------ Data block ------

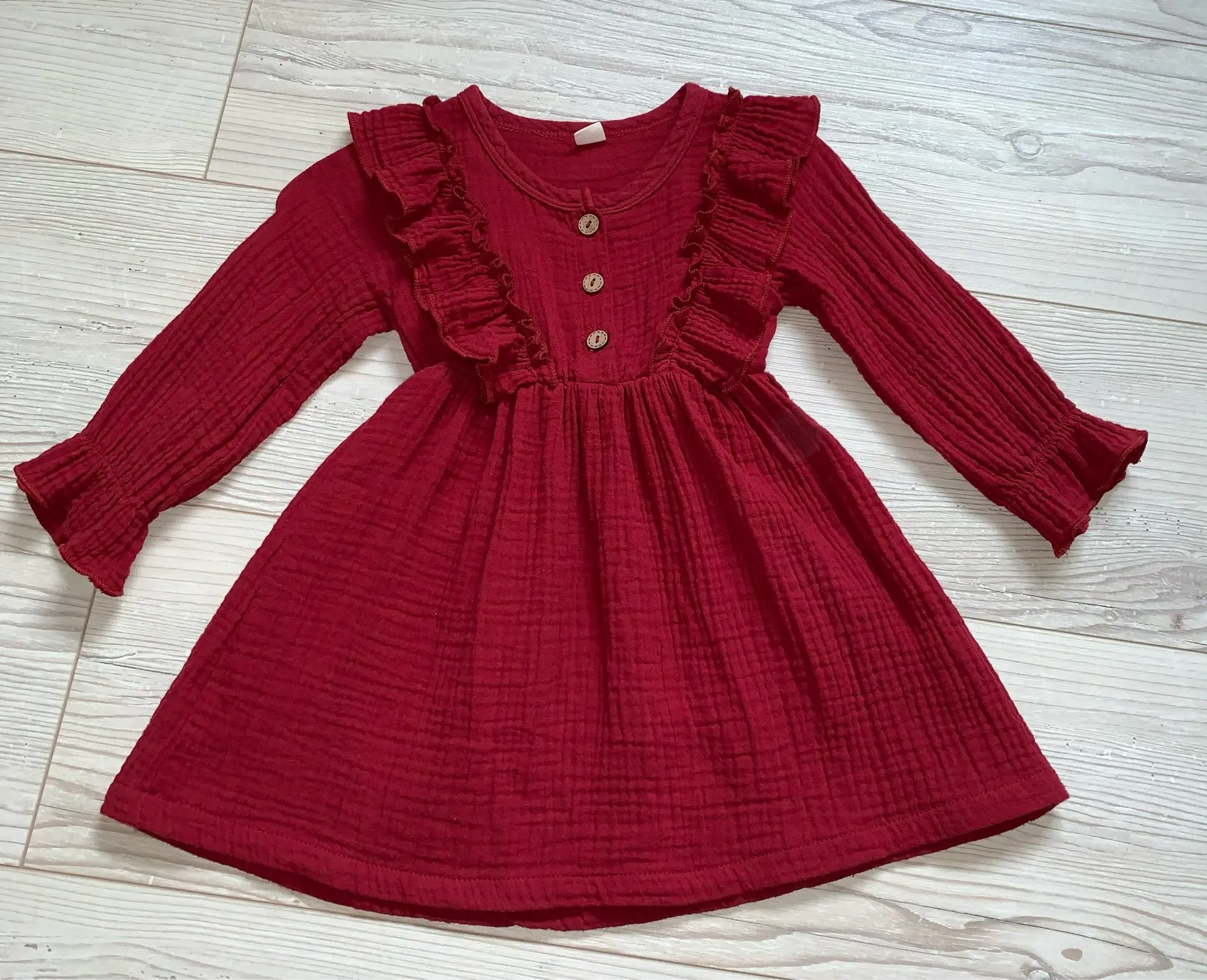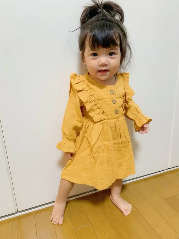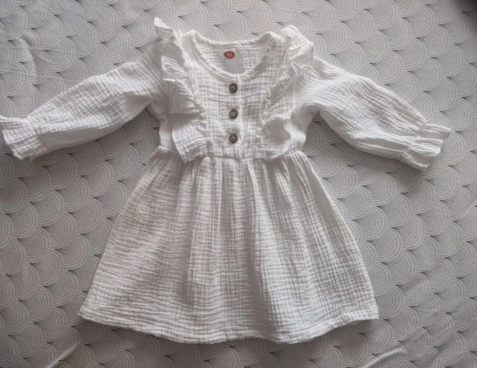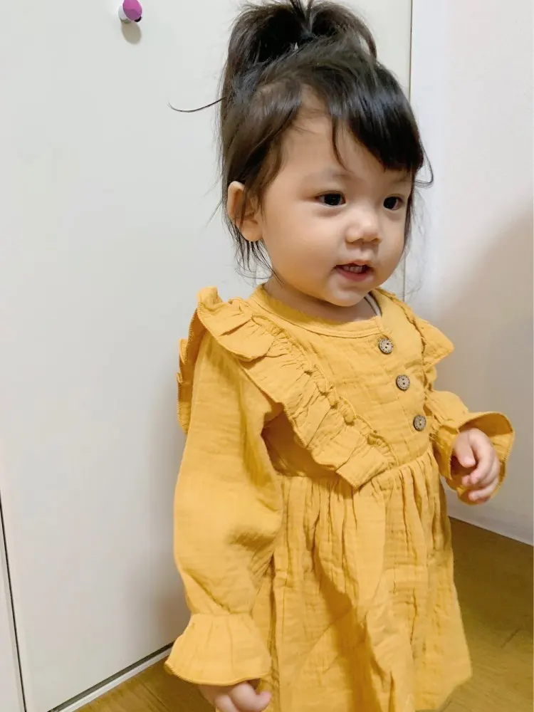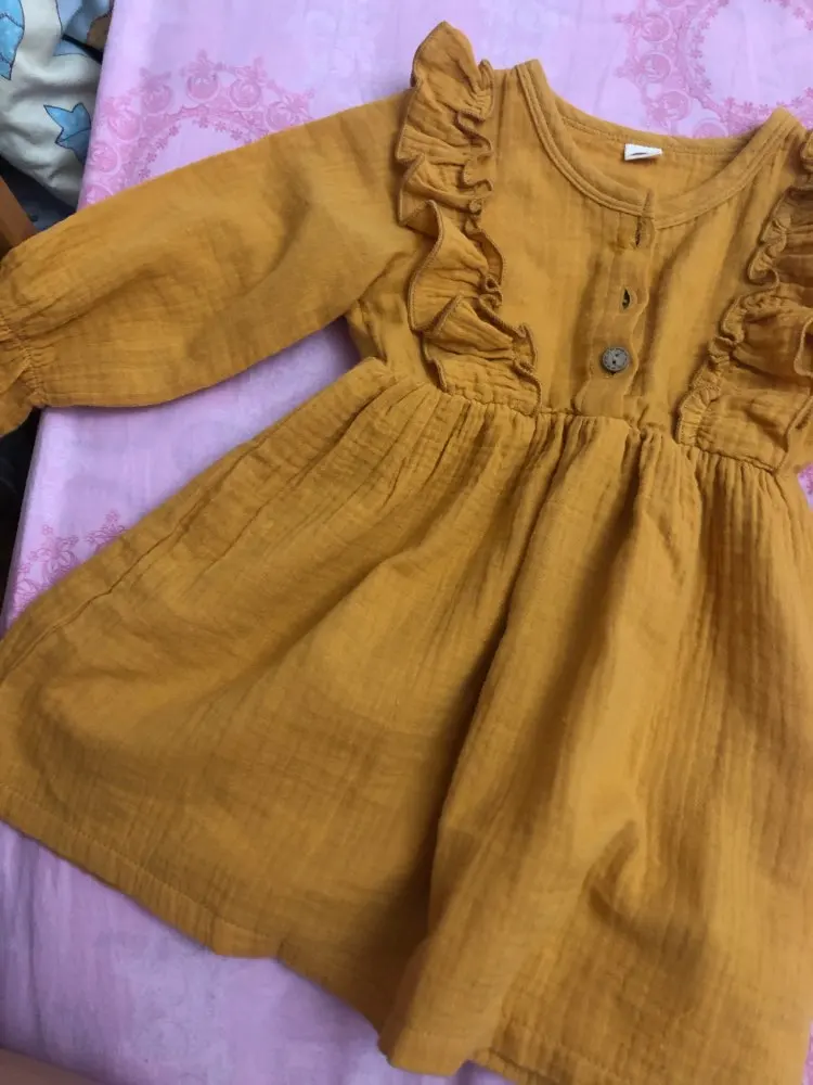 Осеннее платье для маленьких девочек, однотонное хлопковое льняное повседневное вечерние чное платье с оборками и длинными рукавами, От 0 до 5 лет
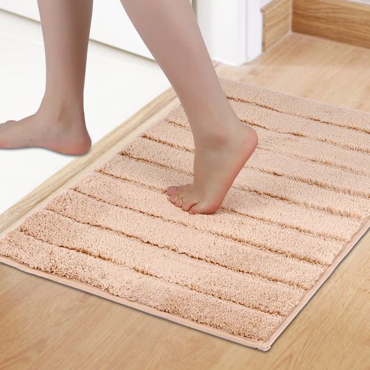 Soft Stripe Bathroom Rug, Rubber Backing Quick Dry Microfiber Rugs Non Slip Bath Mats
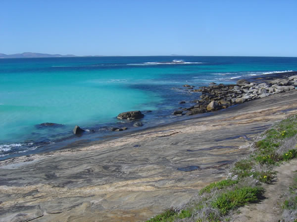 Cape Arid National Park, WAThis photo is taken from the same spot again, this time looking further east towards Cape Arid in the Distance. That is where we are heading next. At the western end of Yokinup Bay, Cape Arid National Park is 125km (1.5 hours) east of Esperance. Previous | Album | Next |

------

Exercise requirements:
Print exactly, and only, the lines from the one with "Soft Stripe Bathroom" through the last line of the listing above. No pictures belong in the copy.

Solution to this task:
 Soft Stripe Bathroom Rug, Rubber Backing Quick Dry Microfiber Rugs Non Slip Bath Mats
 Cape Arid National Park, WAThis photo is taken from the same spot again, this time looking further east towards Cape Arid in the Distance. That is where we are heading next. At the western end of Yokinup Bay, Cape Arid National Park is 125km (1.5 hours) east of Esperance. Previous | Album | Next |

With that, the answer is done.